A modern trendy fragrance

Fragrance has been a part of our life, in recent years, the taste of fresh, relaxing notes are particularly loved by consumers, many brands are the most popular fashion circle admired, this brand to make the fragrance simpler, many popular flavor ingredients only 2-3, the smell characteristics of the interweaving of clear, thick and other aromas, this fragrance more emphasis on the fragrance (consumers), can be with their own occasions, wear, 2-3 fragrances stacked into a fragrance of their own exclusive fragrance, Just like what we wear in clothing, we can create our own dressing philosophy, and perfume has become a necessity in daily life, and the appropriate use of scents that can represent personal taste is a plus point of social aesthetic literacy.

Super Nose – Perfumer

Les Dieux crent les odeurs ,leshommes fabriquent les parfums

god’s current odours. men make perfumes

God created scents, and humans made perfumes

“Super Nose” is the creator of perfumery, the promoter of olfactory fashion, and another name for perfumer. Their inspiration and creativity determine the character, personality and trends of the fragrance.
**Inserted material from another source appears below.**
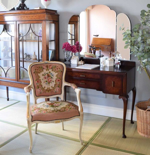 スイングを鏡でチェックするドレッサーのある和室
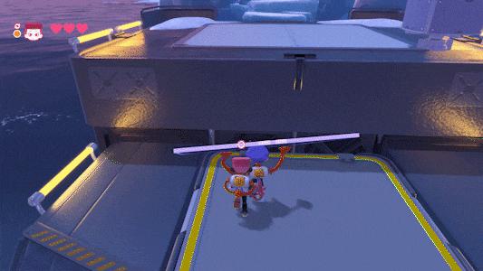 比如飞喵队长吸取并提起物品的功能,不仅能用来拉起桶盖,或拉起板子来搭桥,在战斗里也能出一份力。像是在遇到某个身穿盔甲、只有屁股是弱点的 BOSS 时,因为位置不好,我一直打不到它的屁股,僵持半天后,我们决定合作用飞喵队长把它提起来,换个方向扔到地上,这才有机会打到屁股了。

In the professional definition of the use of fragrances and accessories, the design and blending of flavor formulas, this definition will always make us feel stiff and without the artistic conception of the fragrance world! Chanel fragrance in the country of fragrance art is used; The craftsmanship of I AM A CRAFT perfumers cannot be extracted from books, but is based on scents and memories, like the transmission of knowledge, like a painter drawing with paint, and can unleash creativity through an infinite variety of raw materials. From the original essence to the fragrance elf, carefully shaped, precise dosage, is an intuitive, meticulous process, to define the perfumer. The fragrance spirit is the note in the stave, through the perfumer to compose the fragrance spirit of the pre, middle and back notes, in the exquisite craftsmanship of the bottle. The embodiment of abstract taste through the art of life, the continuation of visual images, and the surprise of life use are the finished products that integrate perfume technology, and it is also the action expression of art commodification, which is fragrance art.
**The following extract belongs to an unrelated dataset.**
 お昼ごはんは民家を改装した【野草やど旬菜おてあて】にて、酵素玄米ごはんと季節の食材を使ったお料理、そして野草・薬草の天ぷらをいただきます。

Perfume Smell Creation is an art in itself, but it is inseparable from the support of science, especially organic chemistry and analytical chemistry, through the understanding of the chemical properties of aroma substances, we can extract it from natural products or synthesize aroma molecules by artificial methods. Perfumer needs at least five years of basic knowledge to develop, and the work of a perfumer itself is also a learning process, learning in daily creation, finding accidental fits in continuous attempts, and seeing new ideas in other people’s works.
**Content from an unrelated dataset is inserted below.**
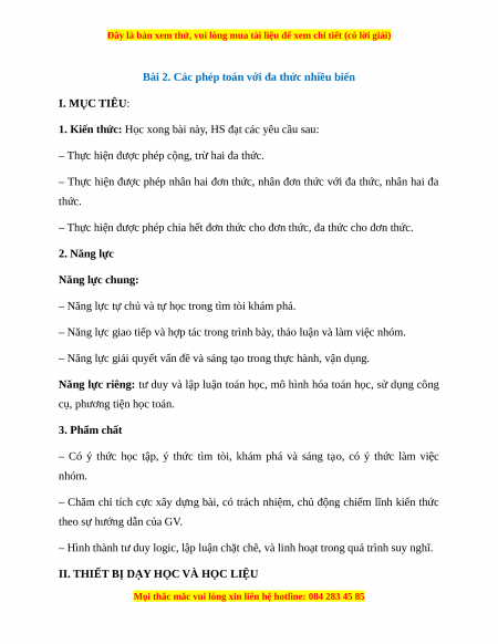 Bài 2. Các phép toán với đa thức nhiều biến I. MỤC TIÊU:

professional conditions for perfumers;

professional responsibilities of the adjuster;

The olfactory economy is the application of life aesthetics in commercial space, and when the flexibility of visual marketing is tired, the sense of smell is a new niche for manufacturers to compete. In the past, scent appeals were the patent of perfumes, but now enterprises, brands, and spaces have developed opportunities from the perspective of smell. People’s habits of paying attention to personalized taste life and using fragrance products have increased, which can be widely accepted by consumers in the home environment, triggering the vigorous development of the fragrance industry. The fragrance tide continues to heat up and the introduction of culture and art industry, across the functionality of fragrance essential oils, upgraded to the perceptual sense of smell and smart fragrance aesthetic concept, and produces a new type of cultural and creative fragrance industry.

The reference data for this article are from: Wikipedia/Urcome/INDBA International Perfumery Instructor Training Materials/Essential Oil Chemistry Book/Brand Website Information….etc.